На вокзале Матвеева встретил его заместитель и помощник Огаревский, явившийся сюда прямо из одного очень фешенебельного игорного клуба, где он почему-то частенько проводил ночи напролет, хотя в России он не брал карт в руки.
До отхода поезда оставалось несколько минут. Пассажиры спешили занять места. Сновали носильщики. Паровоз уже кипел от нетерпенья, как высокогрудый и застоявшийся конь, и кругом царило то веселье, бодрое и возбуждающее оживление, какое бывает на больших вокзалах с поездами дальнего следования.
Матвеев и Огаревский курили пред расставанием и лениво обменивались словами.
– Значит, ты Витковского не увидишь?
– Нет, старик разрешил мне в Питер не заезжать. Да и надобности особой нет. Рапортом отделаюсь.
– Так, так…
– А впрочем, у него семь пятниц на неделе.
Мимо пробежал служащий в кепи с галунами, размахивая пачкой каких-то бумаг. Торопились какие-то запоздавшие пассажиры.
– Ну, всего хорошего, – сказал Огаревский.
Они поцеловались. Целуя друга, Огаревский успел шепнуть:
– Храни тебя Бог!
Поезд медленно выходил из-под стеклянного потолка вокзала. Матвеев видел, как поплыл назад Огаревский, размахивавший шляпой, как отлетел в сторону вокзал. Поезд загремел по лабиринту стрелок и наконец, наддав ходу, помчался мимо бесконечных вагонных составов, мимо семафоров и сигнальных будок на волю из этого шумного города.
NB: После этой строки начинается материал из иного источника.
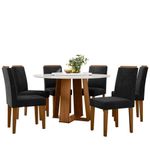 Conjunto Sala De Jantar Mesa Isabela 1,35m Com Tampo Giratório E 6 Cadeiras Amanda Ypê/off White/ja03 - New CevalConjunto Sala de Jantar Mesa Isabela 1,35m com Tampo Giratório e 6 Cadeiras Amanda Ypê/Off White/Ja03 - New CevalSe você está em busca de mobília que combine elegância, sofisticação e funcionalidade, temos a solução perfeita para você: a Mesa Isabela com tampo giratório, acompanhada de 6 deslumbrantes Cadeiras Amanda.A mesa Isabela com seu tampo giratório, ela oferece praticidade e versatilidade, permitindo que as refeições se tornem momentos mais agradáveis e interativos.Já as cadeiras Amanda foram cuidadosamente projetadas para complementar a Mesa Isabela, trazendo não apenas conforto, mas também um estilo inconfundível. Seu design elegante e sofisticado se encaixa perfeitamente em qualquer ambiente, seja em uma sala de jantar moderna ou em um espaço mais clássico.Dimensões da Mesa montada:Altura: 80cmLargura: 135cmProfundidade: 135cmPeso: 46,60KgEspecificações técnicas da Mesa:Mesa com estrutura em MDF + Vidro 3mmCor do Produto: Ypê/Off WhiteEstrutura da Base: MDFEstrutura do Tampo: MDF 18mm + Vidro 3mmFormato do Tampo: RedondoEspessura do Tampo: 21mmTipo de Vidro: NormalPossui Vidro: SimPés: MDF 25mmQuantidade de Lugares: 6 lugaresPeso (sem embalagem): 46,60kgPeso suportado: Até 40 kgDimensões da Cadeira montada:Altura: 99cmLargura: 45cmProfundidade: 59cmPeso: 7,90KgEspecificações técnicas da Cadeira:Cadeira com estrutura Mdf com assento e encosto estofados.Cor do Produto: Ypê/Ja03Revestimento/Tecido: Ja03 Veludo Preto (100% Poliéster / Gramatura 210 g/m²)Estrutura dos Pés: MdfEspessura dos Pés: 25mmCadeira estofada: SimPossui bordado: SimEstrutura do Assento: Madeira c/ Espuma D-18/TecidoEnchimento do Assento: Espuma D-18Estrutura do Encosto: MDF com Espuma D-18/TecidoEnchimento do Encosto: Espuma D-18Peso (Sem embalagem): 7,90KgPeso suportado: Até 120 kgItens inclusos:1 Mesa (Tampo + Base/Pés), 6 Cadeiras, kit ferragem e Manual para Montagem.Montagem/Instalação:Necessita Montagem: SimComplexidade da Montagem: Média - É recomendado que seja feita por alguém com experiência em montagem de móveis.Recomendação de Manutenção e Limpeza:Para maior durabilidade do produto, recomendamos mantê-lo longe de umidade e poeira e da exposição direta a luz solar.A limpeza deve ser feita usando um pano macio e semi-úmido, sem o uso de produtos químicos como Álcool ou Lustra Móveis.Ao precisar movimentar o móvel, evite arrasta-lo ou levanta-lo sozinho, peça ajuda a outra pessoa para realizar a tarefa.Observações Importantes:Não nos responsabilizamos pela montagem ou desmontagem dos produtos, que deverá ser feita por um profissional qualificado. Estes serviços NÃO estão inclusos nos valores das mercadorias.No ato da compra, certifique-se de que as medidas do produto estão adequadas aos elevadores, portas e corredores do local da entrega, visto que não fazemos a montagem ou desmontagem de portas ou janelas, transporte pela escada ou içamento pelo lado de fora do prédio.Ao receber a mercadoria, o cliente deve verificar as condições da embalagem, caso haja alguma avaria NÃO assine o comprovante de recebimento.Em casos de edifícios ou condomínios, o produto será entregue pela transportadora nas respectivas portarias (porteiros) que deverão ser comunicadas da entrega pelo comprador.As imagens são meramente ilustrativas, não acompanham objetos de decoração ou quaisquer outros itens que não façam parte do produto anunciado.Pode haver alguma diferença de tonalidade entre as imagens do anúncio e o produto real, por conta do tratamento das imagens, calibração de cores do seu monitor ou celular, e até mesmo pela sua percepção visual.- As imagens são meramente ilustrativas, não acompanham objetos de decoração ou quaisquer outros itens que não façam parte do produto anunciado.- Para quaisquer outras dúvidas entre em contato conosco nos nossos canais de atendimento.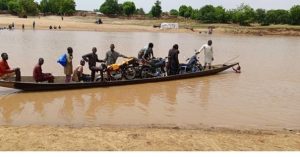 Des passeurs qui font traverser des personnes avec leurs motos sur le fleuve Sota en décrue (l’une des destination clandestine des Naï-Naï et contrebandiers en provenance du Niger ou du Nigéria)

Матвеев стал располагаться в своем купе. Вынул книги. Развернул утреннюю газету. Ни на одну минуту не расставался на вокзале со своим чемоданом, и на это уже кое-кто обратил внимание.
Впрочем, ведь ничего страшного не было в том, что российский военный агент уезжал на Святки в отпуск, в Россию, где он не был уже три года. Но некоторые обстоятельства заставляли беспокоиться высокие военные учреждения столицы, и вот почему Матвеев был опутан сетью наблюдений. В тот вагон, в котором он ехал, сели люди с какими-то специальными заданиями. Даже проводник был сменен другим за четверть часа до отхода поезда. Может быть, всего этого и не знал Матвеев, но о многом догадывался. Когда на первой же остановке в дверь постучали, он с досадой подумал: «Ну вот, начинается».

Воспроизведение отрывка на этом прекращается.